Micifú fisgonea en Facebook



Tiempo ha las plazas de los pueblos, las calles eran el común lugar de encuentro del  vecindario y amigos;  la necesidad de ir a comprar el pan o medio pollo a la carnicería de la esquina traía consigo necesariamente encontrarse con lo vecinos y conocidos y pararse en consecuencia a pegar la hebra sobre lo primero que venía al caso, los juanetes de la vecina, los ires y venires de la moza del tercero; cualquier chisme que como reguero de pólvora hubiera empezado a circular tempranamente en la panadería, al filo de la media mañana ya era de dominio público en toda la vecindad. En eso pensaba Micifú mientras echaba un vistazo a la página del Facebook que Beatriz se había dejado abierta. Se había pasado la mañana cabizbajo dando vueltas  por la casa como alma en pena por el asunto del tejado y por su no menos grave atracón con los pajaritos que revolotean días atrás en torno al comedero de las pipas que su dueña había fijado en el tronco del peral, y después de la hora de las comida, viendo que el solo habitante de la casa, don Rafael, se había quedado sopa frente al televisor, osó salir de su escondite bajo las faldas de la mesa camilla, donde se había refugiado desde un par de días atrás aquejado por un espantoso bajón de ánimo espantoso. Aunque su autoestima había quedado por los suelos después de los acontecimientos anteriores, su curiosidad no había perdido un ápice de terreno y cualquier asunto servía para ponerla en movimiento. No en vano la curiosidad es el motor de la vida, la balsa que nos salva del naufragio y nos pone a cada momento a salvo de las veleidades de ese aburrimiento congénito que amenaza a la humanidad con comerle hasta los higadillos si no se espabila. Porque por esas había pasado Micifú, que no pilló una depresión de purito milagro metido bajo la mesa de la camilla durante dos días y medio, que no salió de allí siquiera para beber un poco de agua o echar una meadita.

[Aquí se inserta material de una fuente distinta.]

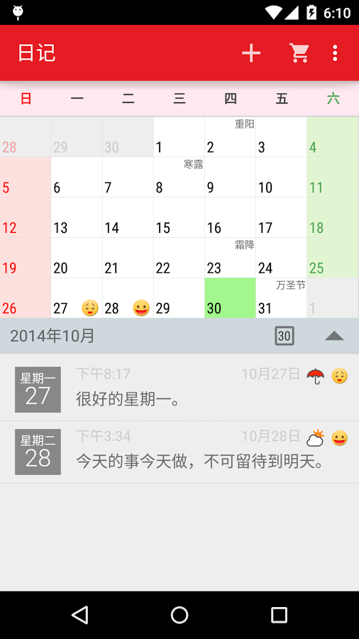 提供了日记和基本月历功能,写下你的心情,写下你多彩的生活。 功能列表:★ 支持情感和天气图标★ 可附带照片★ 选定时间提醒写日记★ 图案锁保护你的隐私★ 搜索日志★书签功能★ 月历功能★ 节日提示★ 备份到 Google drive 云端硬碟★ 统计页面 ★ 计算字数 ★ 超过 20 多个色彩主题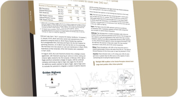 G O L D E N H I G H W A Y Location: Ontario, Canada | Operator: Agnico Eagle Mines Limited | Precious Metals: Au | Royalty: NSR: 0.25-10% Franco-Nevada has multiple NSR royalties ranging from 0.25 to 10% over the Destor-Porcupine mineral trend just east of Timmins, Ontario spread over more than 120 km and estimated to cover over 340 km 2 . 2023 2022 2021 Revenue to Franco-Nevada ($ million) $ − $ – $ 0.1 M&I Resources (koz Au) 1 2,978 2,978 2,978 Inferred Resources (koz Au) 1 1,421 1,421 1,421 P&P Reserves (koz Au) 1 – – – M&I Royalty Ounces (000s) 1,2 160 160 160 Inferred Royalty Ounces (000s) 2 90 90 90 P&P Royalty Ounces (000s) 2 – – – 1 Please refer to the tables on pages 118-124 for a breakout of grade and tonnages by Mineral Resource category; all M&I categories are inclusive of Mineral Reserves. Mineral Resources and Mineral Reserves are the sum of Golden Highway - Holt Complex (which includes Holt, Holloway and Taylor), Golden Highway – Hislop and Golden Highway - Aquarius 2 For Royalty Ounce calculation, Franco-Nevada estimates 100% of the Mineral Resources and Mineral Reserves are subject to our royalty interest and estimates rates of: Holt 10%; Holloway 3%; Taylor 1%; Hislop 4%; Aquarius 2% Kirkland Lake Gold (“KLG”) acquired St Andrew Goldfields (“St Andrew”) in January 2016, which previously owned and operated most of the properties along the trend on which Franco-Nevada has royalties. KLG amalgamated Holt, Holloway and Taylor into the Holt Complex for reporting purposes, all of which have fed the Holt mill for processing. The Holloway mine was placed on care and maintenance in March 2020. Operations at the remainder of the Holt Complex were suspended in April 2020. In August 2020, KLG and Newmont entered into a strategic alliance agreement, with Newmont acquiring an option on certain mining and mineral rights related to the Holt property. In February 2022, Agnico Eagle and KLG completed a merger of equals, with the combined company continuing as Agnico Eagle (see pages 54, 59 and 63 for additional assets operated by Agnico Eagle). Agnico Eagle plans to evaluate the potential to integrate a number of satellite deposits with the existing infrastructure in the region which may displace production from royalty ground in the short to medium term. Franco-Nevada has royalties on the following key properties in the trend: Holt: The Holt mine has been the main producing asset in recent years and includes the Holt mill complex. Franco-Nevada has a sliding scale NSR royalty beginning at 2% when the gold price is less than or equal to $500/ounce and increasing in 1% increments for each $100/ounce increase in the gold price, to a maximum of 10%. The Holt mine was built in the late 1980s by Barrick. Taylor: The Taylor mine (1% NSR) achieved commercial production in November 2015. Exploration potential at Taylor exists along strike and at depth of current Mineral Resources. Holloway: The Holloway mine is located immediately north of the Holt property with ore historically processed at the Holt mill. The Holloway mine was placed on care and maintenance at the end of 2016 due to limited economic viability. In an effort to improve the economics of the operation, in 2019, Franco-Nevada agreed to reduce the royalty at Holloway to a flat 3% NSR from the previous sliding scale royalty. The mine resumed operations in early 2019, prior to the current suspension. Hislop: Franco-Nevada has a 4% NSR on the Hislop mine which is located approximately 50 km to the west of the Holt mill. The open pit Mineral Reserves for the Hislop open pit were fully depleted in 2014. Aquarius: Franco-Nevada holds a 1-2% sliding scale NSR (2% when gold price is greater than $1,000/ounce) on the majority of claims surrounding and including the Aquarius deposit. Multiple NSR royalties in the Destor-Porcupine mineral trend Large land position offers future potential 101 Stoughton Matheson Porcupine Timmins Frederick House Lake Night Hawk Lake Kenogamisis Lake Holt Mine Jonpol Ross Mine Apollo Black Fox Ludgate Porcupine Peninsula Royal Oak Bell Creek Owl Creek Delnite Aunor Paymaster Dome McIntyre Hollinger Pamour #1 Matheson Stock Taylor Cody Macklem Bond Currie Carr Beatty Bowman Hislop Guibord 11 11 ONR Destor-Porcupine Fault Zone Pipestone Fault Cook Barnet Thackeray Harker Garrison Rand Michaud Munro McCool Frecheville Lamplugh Lake Abitibi 101 Marriot Holloway Holloway Mine Broulan Reef Hallnor Hoyle Pond Kinross 1060 Zone Kidd Creek Golden Highway 0.25-10% NSR kilometer 20 0 N Present or past producing mine Holloway Royalty 3% NSR 0.5-2.5% NSR Stoughton Royalty 1-2% NSR Aquarius Royalty 1% NSR Taylor Royalty 4% NSR Hislop Royalty Central Timmins Royalty Claims 0.25-1% NSR 1% NSR Stock Mine and Mill Royalty Holt Royalty Sliding scale Zone 7 Royalty Sliding scale German Lake Abitibi Quebec Ontario Golden Highway TSX / NYSE: FNV 68 ★ Franco-Nevada Corporation Canada

Micifú leyendo versos de José Ángel Valente


 En la habitación de Beatriz le llamó la atención que hubiera dejado el ordenador encendido. Saltó enseguida sobre la mesa y se puso enseguida a cotillear lo que allí había. Después de echar una ojeada a las noticias de los contactos de su dueña, sujetó el ratón con sus patas traseras, y con las delanteras empezó a hacer clic aquí y allí; de lo que resultó un largo garbeo por los muros de los amigos de Beatriz. Encontró que aquello no se diferenciaba mucho de lo un sucede hace tiempo en la calle. Le parecía divertido que la gente siguiera haciendo las mismas cosas que antes, sólo que ahora sin salir de casa, los amigos se contaban sus cosas a través de aquel aparato. Una vez más se volvía a repetir aquello de ¡qué gente tan extraña eran los humanos! Se preguntaba si no estarían sustituyendo éstos sus tertulias sentados en la terraza de un bar al final de la tarde, o los paseos por el parque por esa extraña comunicación que había descubierto en la pantalla del ordenador.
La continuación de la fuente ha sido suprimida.